** Opening Available records block **
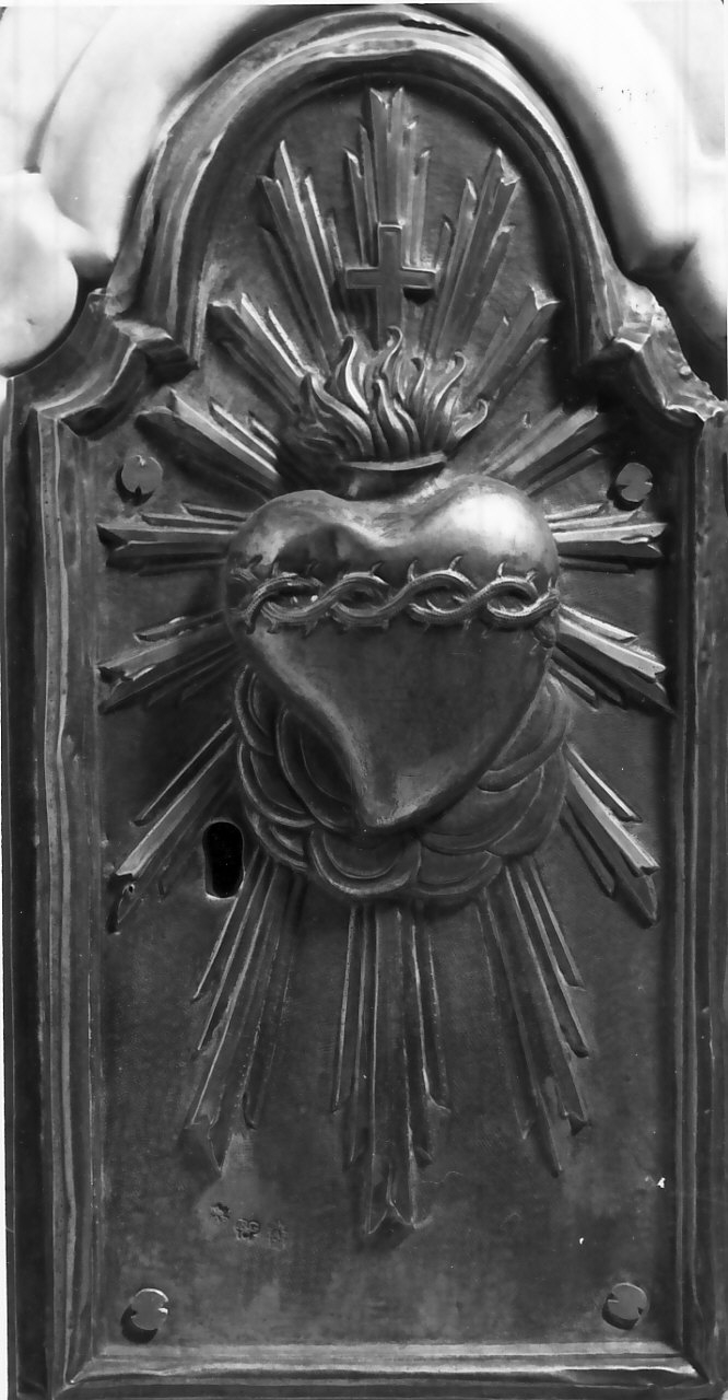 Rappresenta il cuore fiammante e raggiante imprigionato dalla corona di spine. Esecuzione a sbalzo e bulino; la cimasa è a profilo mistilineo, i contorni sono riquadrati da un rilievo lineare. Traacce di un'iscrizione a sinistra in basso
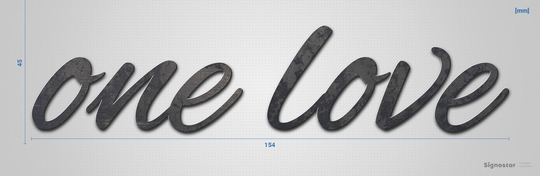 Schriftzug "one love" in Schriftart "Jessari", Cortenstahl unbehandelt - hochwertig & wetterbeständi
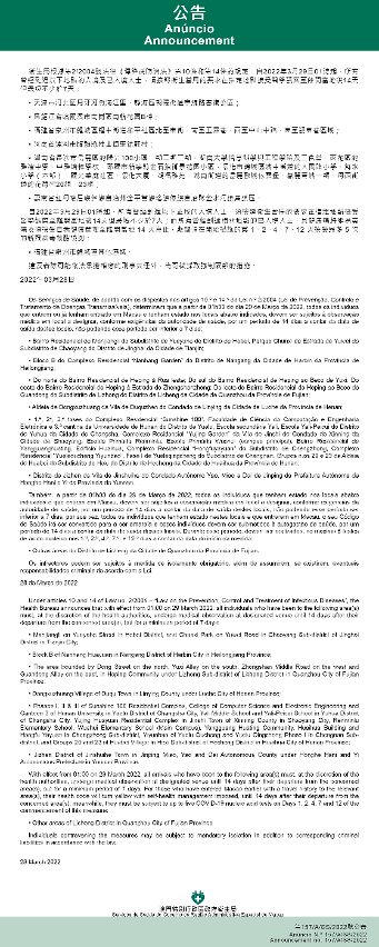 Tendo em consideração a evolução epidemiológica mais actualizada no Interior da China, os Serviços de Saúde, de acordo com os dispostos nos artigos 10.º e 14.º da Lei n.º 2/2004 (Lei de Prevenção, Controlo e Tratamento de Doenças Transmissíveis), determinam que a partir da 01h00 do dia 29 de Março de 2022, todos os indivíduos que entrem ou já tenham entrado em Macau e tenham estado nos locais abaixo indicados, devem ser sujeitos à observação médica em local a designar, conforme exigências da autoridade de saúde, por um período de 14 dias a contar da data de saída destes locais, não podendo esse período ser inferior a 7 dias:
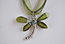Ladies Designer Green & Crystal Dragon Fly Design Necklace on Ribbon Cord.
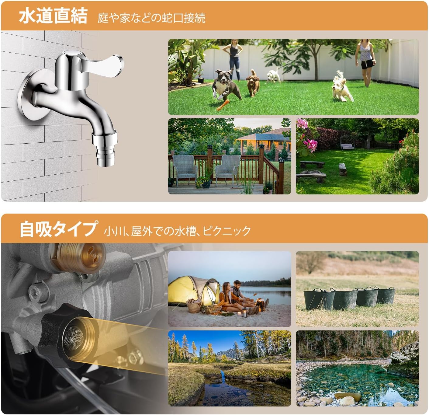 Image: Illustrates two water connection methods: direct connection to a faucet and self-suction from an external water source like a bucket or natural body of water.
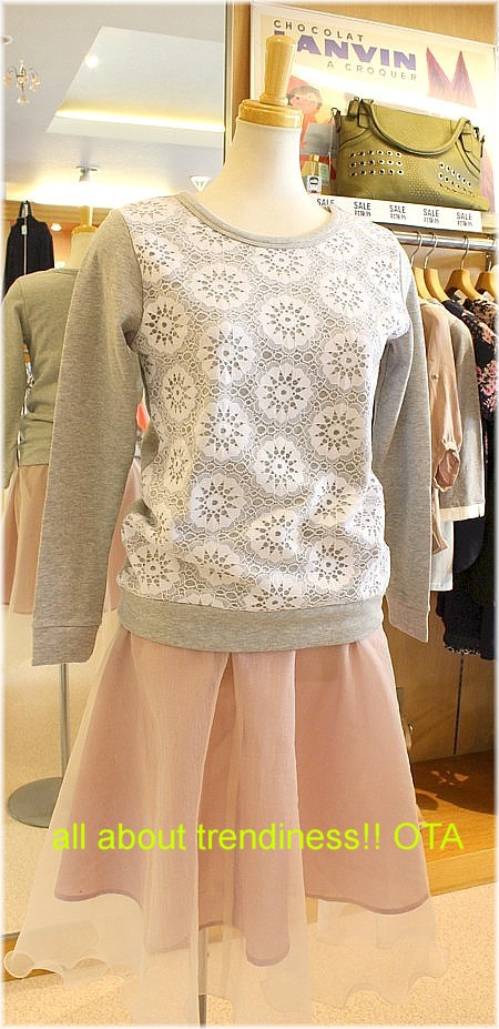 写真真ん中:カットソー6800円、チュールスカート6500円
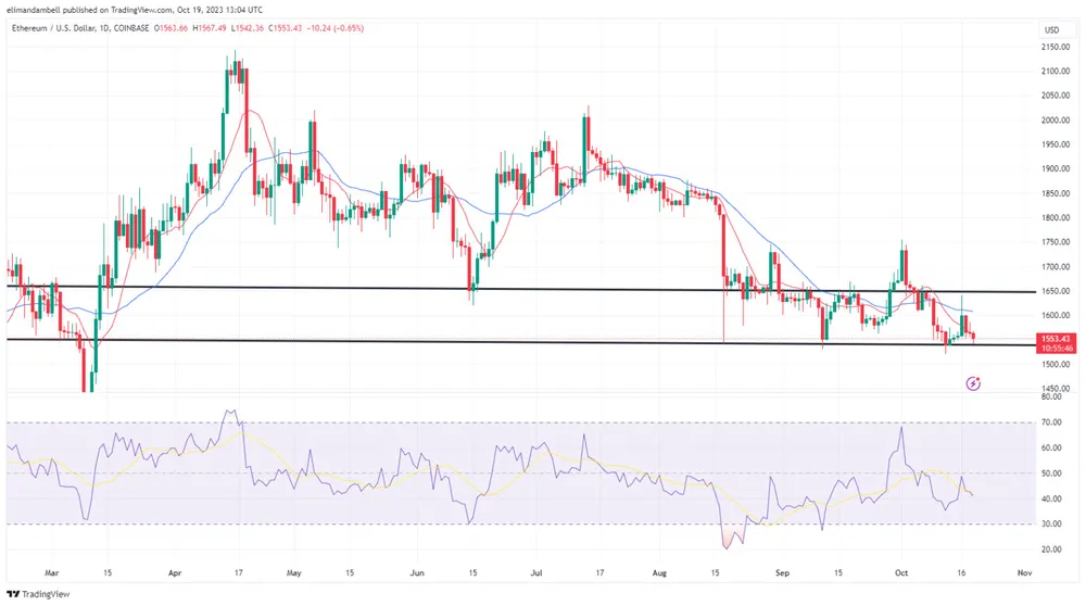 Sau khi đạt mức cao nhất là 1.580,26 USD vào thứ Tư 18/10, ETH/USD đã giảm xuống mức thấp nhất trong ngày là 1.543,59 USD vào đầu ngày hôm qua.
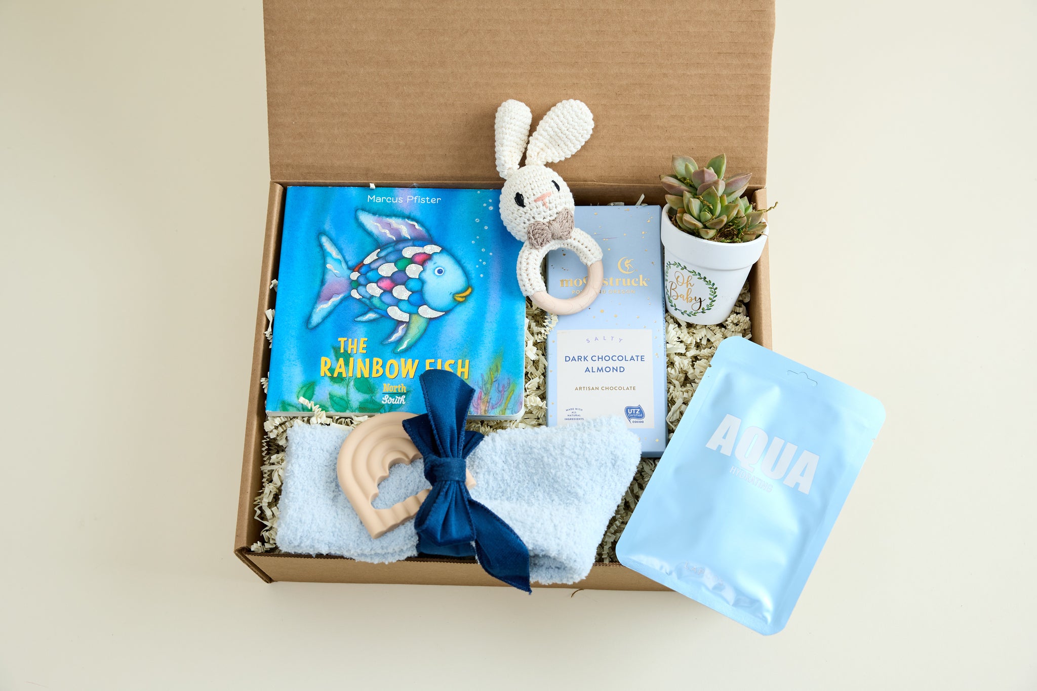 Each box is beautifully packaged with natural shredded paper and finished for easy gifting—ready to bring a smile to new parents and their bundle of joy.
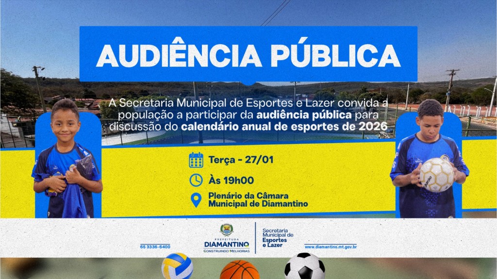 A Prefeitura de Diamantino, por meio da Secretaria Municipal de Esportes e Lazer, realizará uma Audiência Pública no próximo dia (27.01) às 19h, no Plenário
** Closing Available records block **
Work to be completed = Write each line exactly as it appears, from the line that holds "Ladies Designer Green" through the closing line of the data above, and leave every picture out.

Result =
Ladies Designer Green & Crystal Dragon Fly Design Necklace on Ribbon Cord.
 Image: Illustrates two water connection methods: direct connection to a faucet and self-suction from an external water source like a bucket or natural body of water.
 写真真ん中:カットソー6800円、チュールスカート6500円
 Sau khi đạt mức cao nhất là 1.580,26 USD vào thứ Tư 18/10, ETH/USD đã giảm xuống mức thấp nhất trong ngày là 1.543,59 USD vào đầu ngày hôm qua.
 Each box is beautifully packaged with natural shredded paper and finished for easy gifting—ready to bring a smile to new parents and their bundle of joy.
 A Prefeitura de Diamantino, por meio da Secretaria Municipal de Esportes e Lazer, realizará uma Audiência Pública no próximo dia (27.01) às 19h, no Plenário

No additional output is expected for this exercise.